### Task directions
Nothing but the lines below from the one with "Callide Dawson’s Jordan" through the one with "Ram end formers" should be output, each exactly as given, and no pictures.

### Data for processing
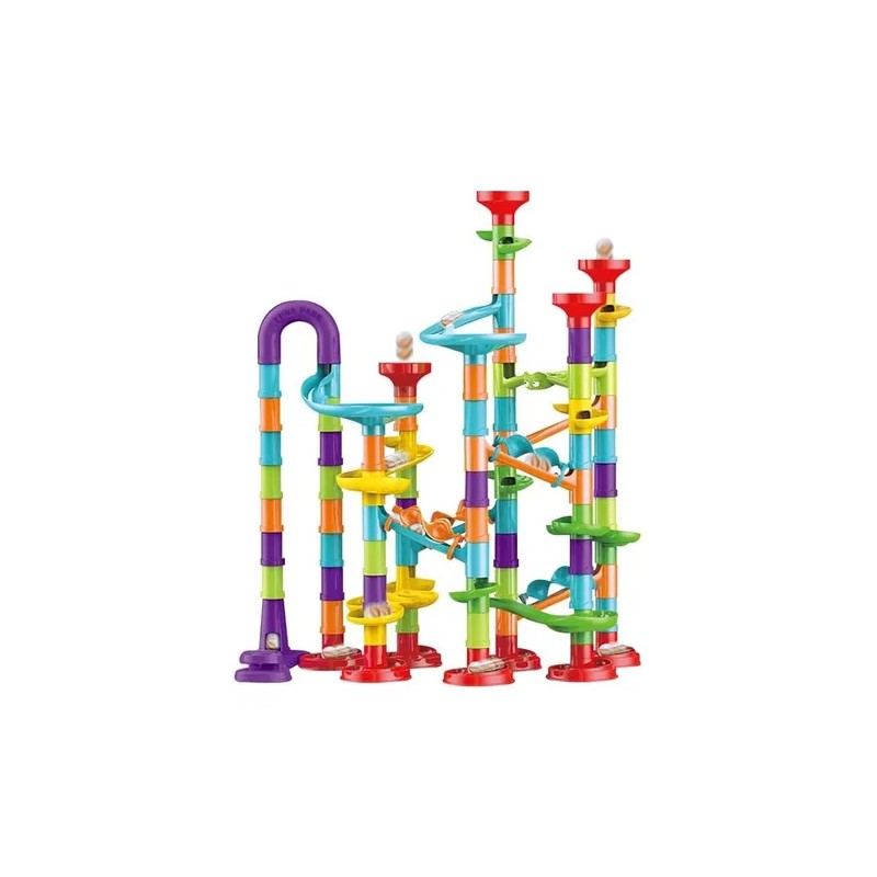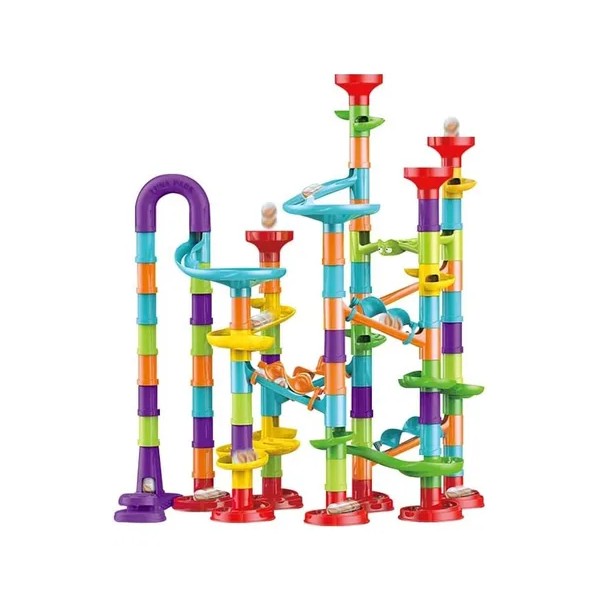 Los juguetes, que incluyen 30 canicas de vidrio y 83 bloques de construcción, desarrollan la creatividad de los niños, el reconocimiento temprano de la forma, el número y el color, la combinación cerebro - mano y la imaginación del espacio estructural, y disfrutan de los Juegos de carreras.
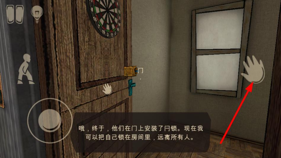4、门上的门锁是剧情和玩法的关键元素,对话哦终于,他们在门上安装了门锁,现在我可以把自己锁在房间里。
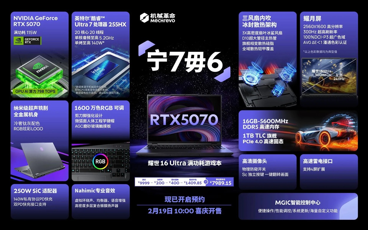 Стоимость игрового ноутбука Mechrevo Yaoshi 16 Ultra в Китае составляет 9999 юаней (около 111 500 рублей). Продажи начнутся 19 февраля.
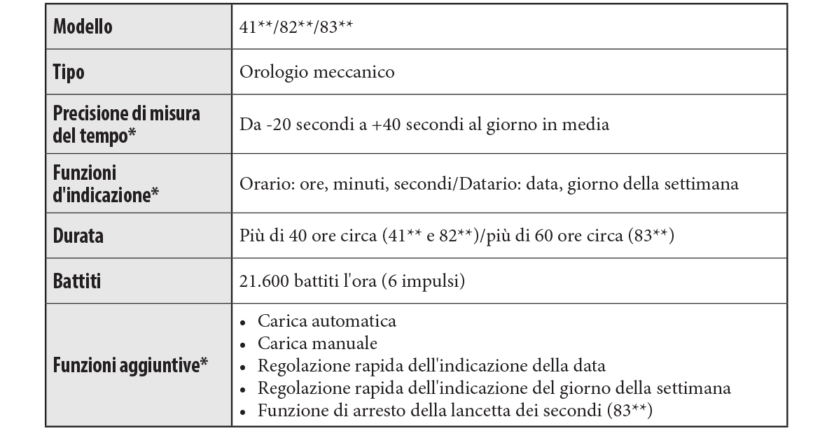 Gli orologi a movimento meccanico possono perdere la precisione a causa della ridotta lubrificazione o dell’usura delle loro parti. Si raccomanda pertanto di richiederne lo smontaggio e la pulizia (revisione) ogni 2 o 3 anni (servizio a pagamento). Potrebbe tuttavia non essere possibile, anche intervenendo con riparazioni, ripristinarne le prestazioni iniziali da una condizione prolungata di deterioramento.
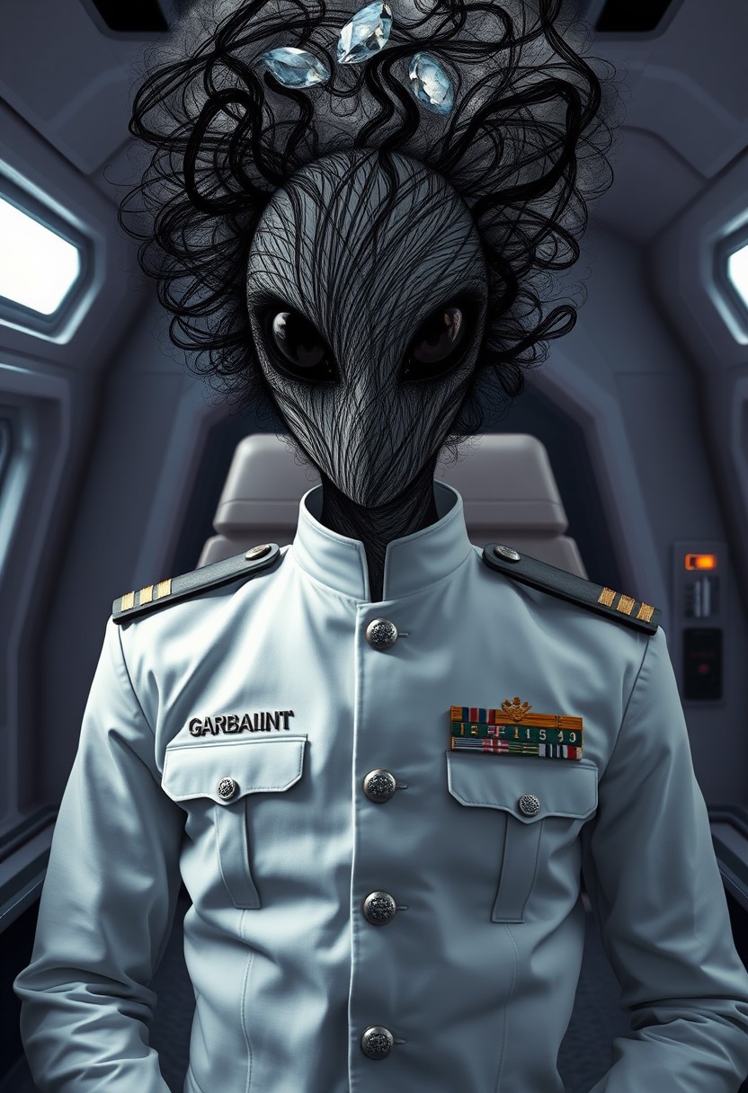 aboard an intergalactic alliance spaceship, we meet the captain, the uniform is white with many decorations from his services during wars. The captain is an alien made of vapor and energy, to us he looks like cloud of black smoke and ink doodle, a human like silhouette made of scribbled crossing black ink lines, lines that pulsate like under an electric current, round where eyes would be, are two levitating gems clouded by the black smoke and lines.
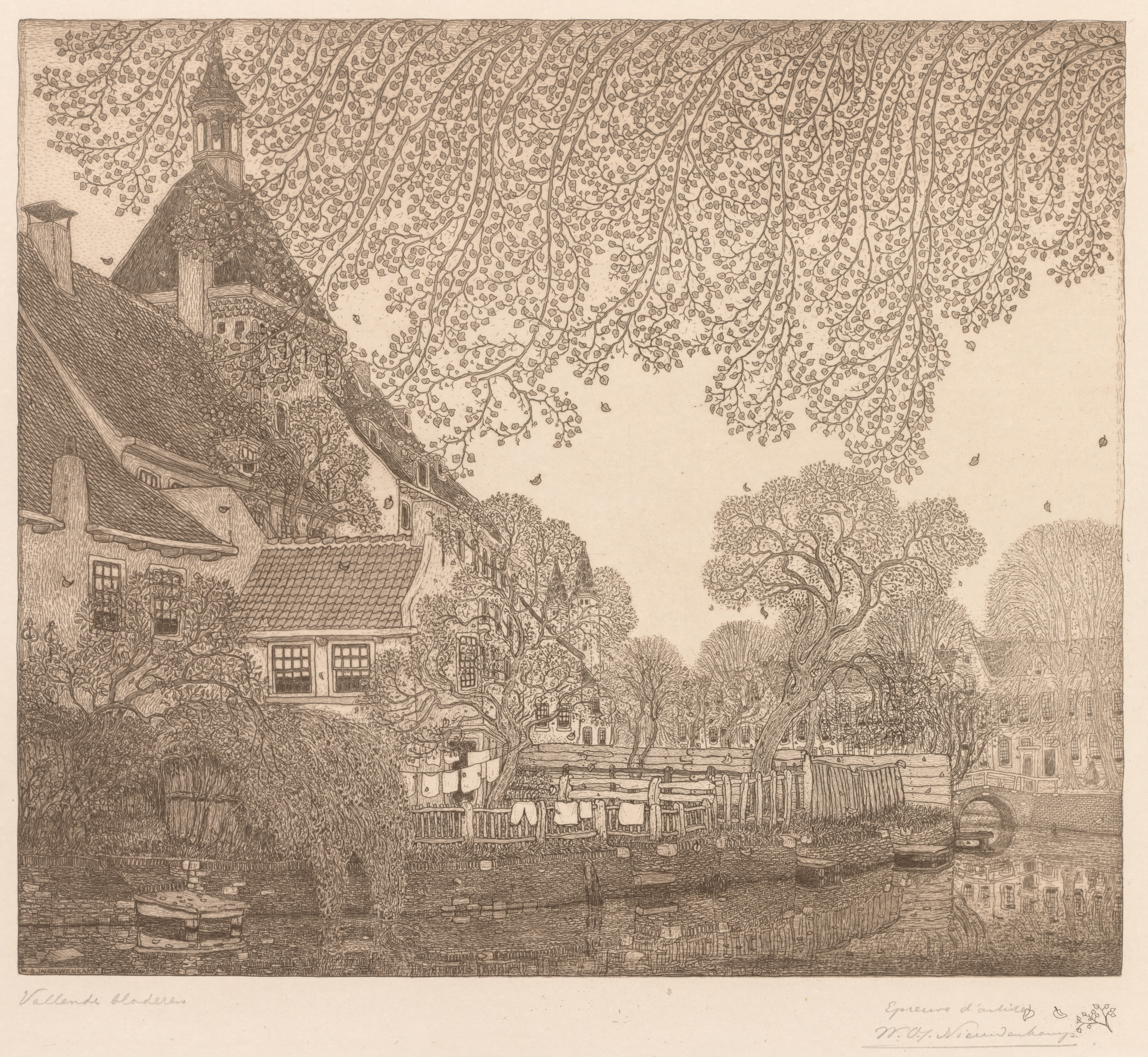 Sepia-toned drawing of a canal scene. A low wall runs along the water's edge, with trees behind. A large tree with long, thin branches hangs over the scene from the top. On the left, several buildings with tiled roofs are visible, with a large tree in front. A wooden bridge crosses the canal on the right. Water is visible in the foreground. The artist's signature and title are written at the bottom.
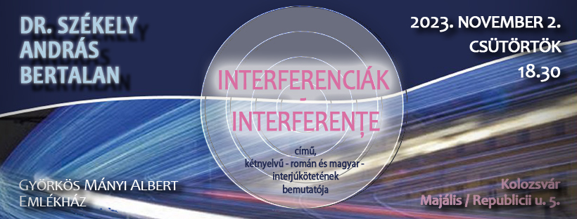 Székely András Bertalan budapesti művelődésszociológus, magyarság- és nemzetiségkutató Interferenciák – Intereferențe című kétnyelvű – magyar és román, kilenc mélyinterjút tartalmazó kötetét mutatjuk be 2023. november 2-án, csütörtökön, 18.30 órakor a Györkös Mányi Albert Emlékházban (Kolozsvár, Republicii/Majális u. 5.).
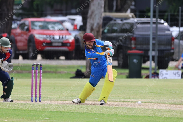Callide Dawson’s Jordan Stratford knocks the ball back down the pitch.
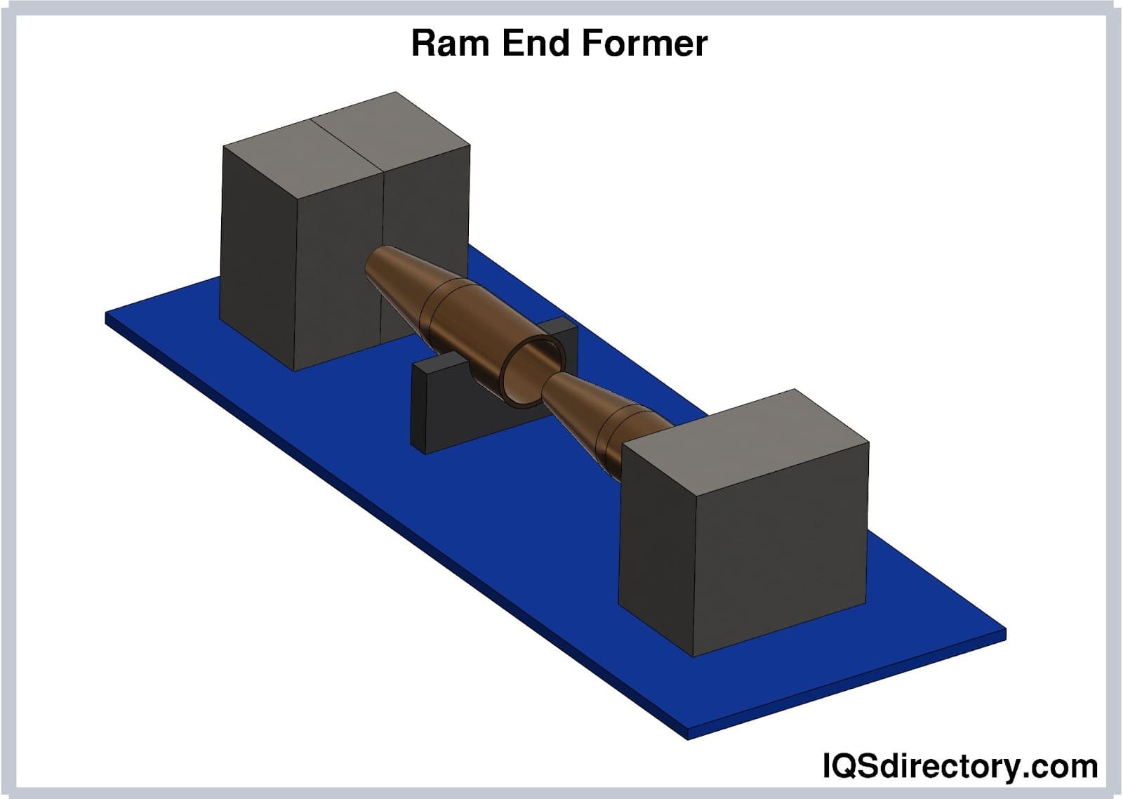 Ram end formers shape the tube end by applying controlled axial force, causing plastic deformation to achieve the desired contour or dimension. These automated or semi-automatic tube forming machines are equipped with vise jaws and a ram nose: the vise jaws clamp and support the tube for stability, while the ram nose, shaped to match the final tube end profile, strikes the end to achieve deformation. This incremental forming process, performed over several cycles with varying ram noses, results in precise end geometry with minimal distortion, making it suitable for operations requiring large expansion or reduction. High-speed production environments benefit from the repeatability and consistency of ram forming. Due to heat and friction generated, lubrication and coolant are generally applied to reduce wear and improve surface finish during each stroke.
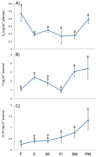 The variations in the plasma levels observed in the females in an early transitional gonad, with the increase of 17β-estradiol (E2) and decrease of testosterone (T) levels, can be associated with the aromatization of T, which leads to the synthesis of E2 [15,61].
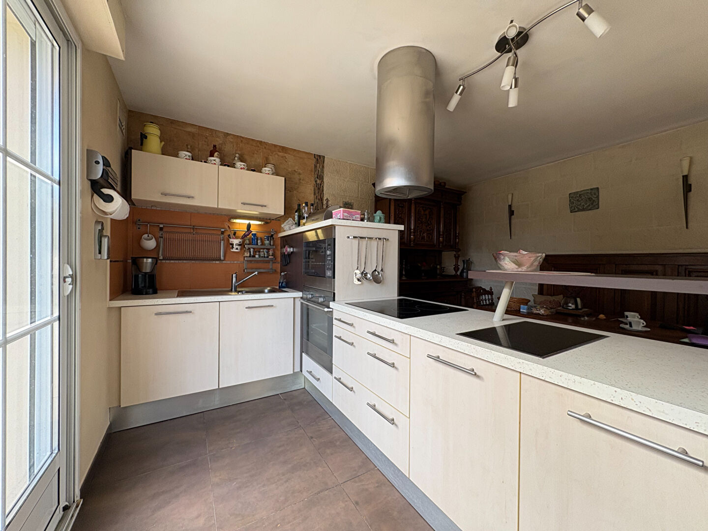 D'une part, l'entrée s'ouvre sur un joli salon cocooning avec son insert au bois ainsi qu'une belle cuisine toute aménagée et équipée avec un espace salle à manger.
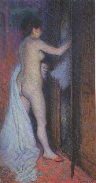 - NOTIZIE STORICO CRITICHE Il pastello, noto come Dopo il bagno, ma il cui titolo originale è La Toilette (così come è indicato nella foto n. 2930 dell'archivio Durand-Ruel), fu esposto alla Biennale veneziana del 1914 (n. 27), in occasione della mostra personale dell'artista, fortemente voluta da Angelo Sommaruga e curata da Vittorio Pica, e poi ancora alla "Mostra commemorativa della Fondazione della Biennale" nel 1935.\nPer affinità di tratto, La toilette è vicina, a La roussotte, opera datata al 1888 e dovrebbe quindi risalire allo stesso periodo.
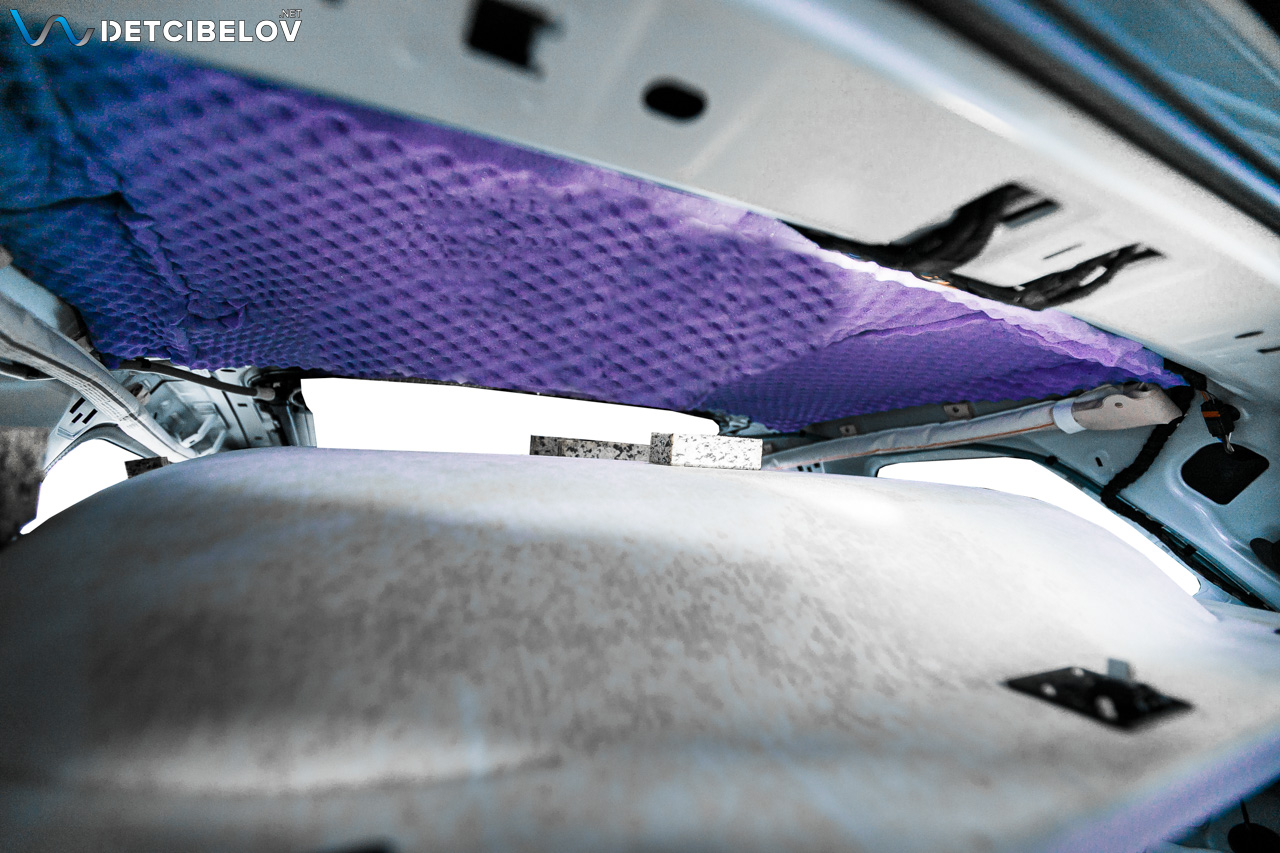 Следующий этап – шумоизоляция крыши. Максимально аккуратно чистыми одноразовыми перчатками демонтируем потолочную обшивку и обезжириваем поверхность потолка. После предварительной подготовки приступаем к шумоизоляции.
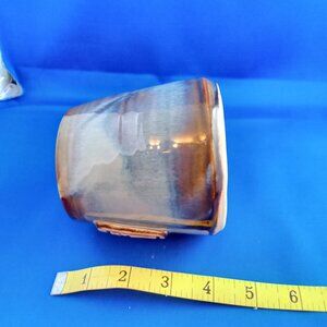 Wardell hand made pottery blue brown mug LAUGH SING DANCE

### Response
Callide Dawson’s Jordan Stratford knocks the ball back down the pitch.
 Ram end formers shape the tube end by applying controlled axial force, causing plastic deformation to achieve the desired contour or dimension. These automated or semi-automatic tube forming machines are equipped with vise jaws and a ram nose: the vise jaws clamp and support the tube for stability, while the ram nose, shaped to match the final tube end profile, strikes the end to achieve deformation. This incremental forming process, performed over several cycles with varying ram noses, results in precise end geometry with minimal distortion, making it suitable for operations requiring large expansion or reduction. High-speed production environments benefit from the repeatability and consistency of ram forming. Due to heat and friction generated, lubrication and coolant are generally applied to reduce wear and improve surface finish during each stroke.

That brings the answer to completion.